Guillaume Lemaitre, Ali Jabbari, Olivier Houix, Nicolas Misdariis, and
We recently showed that vocal imitations are effective descriptions of a variety of sounds (Lemaitre and Rocchesso, 2014). The current study investigated the mechanisms of effective vocal imitations by studying if speakers could accurately reproduce basic auditory features. It focused on four features: pitch, tempo (basic musical features), sharpness, and onset (basic dimensions of timbre). It used two sets of 16 referent sounds (modulated narrow-band noises and pure tones), each crossing two of the four features. Dissimilarity rating experiments and multidimensional scaling analyses confirmed that listeners could easily discriminate the 16 sounds based the four features. Two expert and two lay participants recorded vocal imitations of the 32 sounds. Individual analyses highlighted that participants could reproduce accurately pitch and tempo of the referent sounds (experts being more accurate). There were larger differences of strategy for sharpness and onset. Participants matched the sharpness of the referent sounds either to the frequency of one particular formant or to the overall spectral balance of their voice. Onsets were ignored or imitated with crescendos. Overall, these results show that speakers may not imitate accurately absolute dimensions of timbre, hence suggesting that other features (such as dynamic patterns) may be more effective for sound recognition.
Models for sound synthesis:
Voice-driven sound synthesis in miMic is achieved through a subset of the sound models palette available in the Sound Design Toolkit (SDT). The SDT is a software package providing advanced, perception-oriented and physically-consistent sound synthesis models that cover a mixture of acoustic phenomena, basic mechanical interactions (i.e., everyday sounds) and machines.
The software package and documentation can be downloaded at https://github.com/SkAT-VG/SDT/releases
Control and Mapping:
Each sound model is provided with a customizable control layer that allows to connect the vocal and gestural descriptors to the interactive parameters. While one-to-one and one-to-many mapping is a trivial task to accomplish, many-to-one associations are achieved through specific Js functions, that can be recalled and edited in the control layer, directly. Finally, a control module per parameter allows to smooth, scale, and eventually distort the audio feature value into the range meaningful for the control parameter.
An opposite approach is that of training a classifier by examples provided by a specific user. We tested this approach by using MuBu objects for content-based real-time interactive audio processing, under Cycling’74 Max.
The MuBu.gmm object extracts Mel-Frequency Cepstral Coefficients (MFCC) from audio examples (at least one example per sound class), and models each sound class as a mixture of Gaussian distributions. In the recognition phase, the likelihood for each class is estimated, and it can be used as a mixing weight for the corresponding sound model.

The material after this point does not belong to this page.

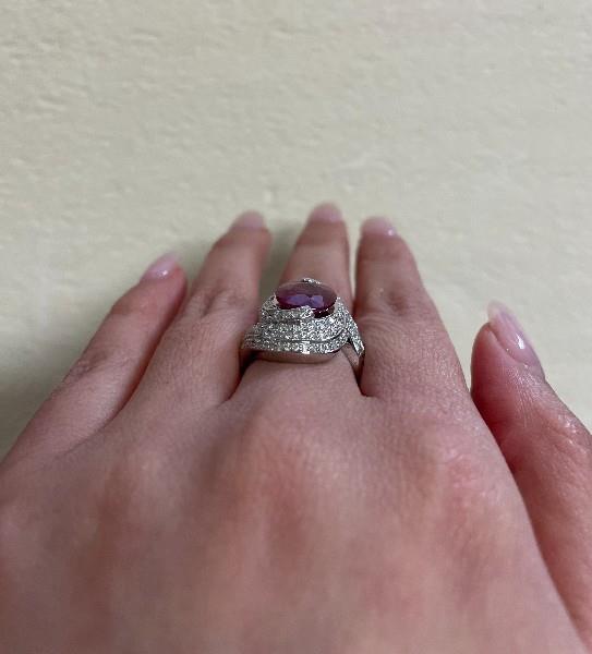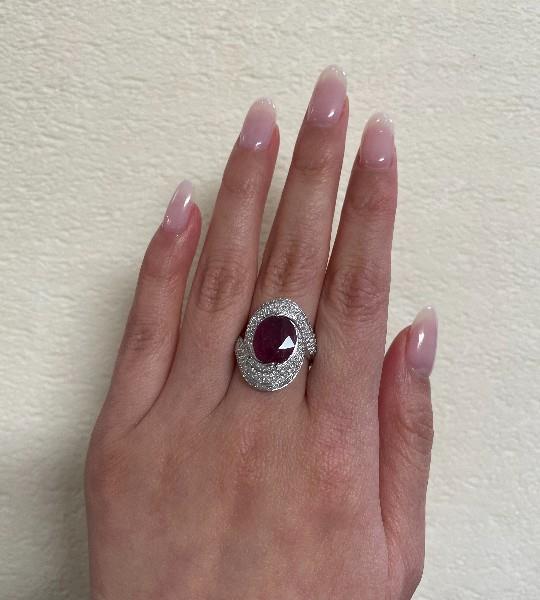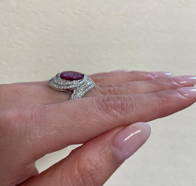 14ct white gold, featuring an oval cut Ruby, totalling 4.02ct, medium to dark red, partial bezel set by a swirl halo with slight overlay, lined by three rows within, set with round brilliant cut Diamonds, extending to the offset shoulders, totalling 0.87ct, claw set, creating a dome profile, merging into a polished flat band. Ring size: N. Valuation on request. Total weight: 6.6g

The classification tree is implemented in a Max/MSP patch for online recognition.
The vocal input undergoes the same processing adopted for the offline training so each imitation is analyzed and then the Median and IQR values are used in the classification tree. The classifiers select one of the classes and a synthetic example of that class is then played back to the user.
The individual-centered selection of sound models, when included in miMic, implies a further sub-mode of use, namely the Train procedure. In our realization the Train procedure is activated when both the buttons of miMic are pushed. To avoid using the GUI for this personalization stage, the user is requested to produce one vocal imitation for each of the five different sounds classes in a precise order, with an audible feedback marking the start and end of each imitation.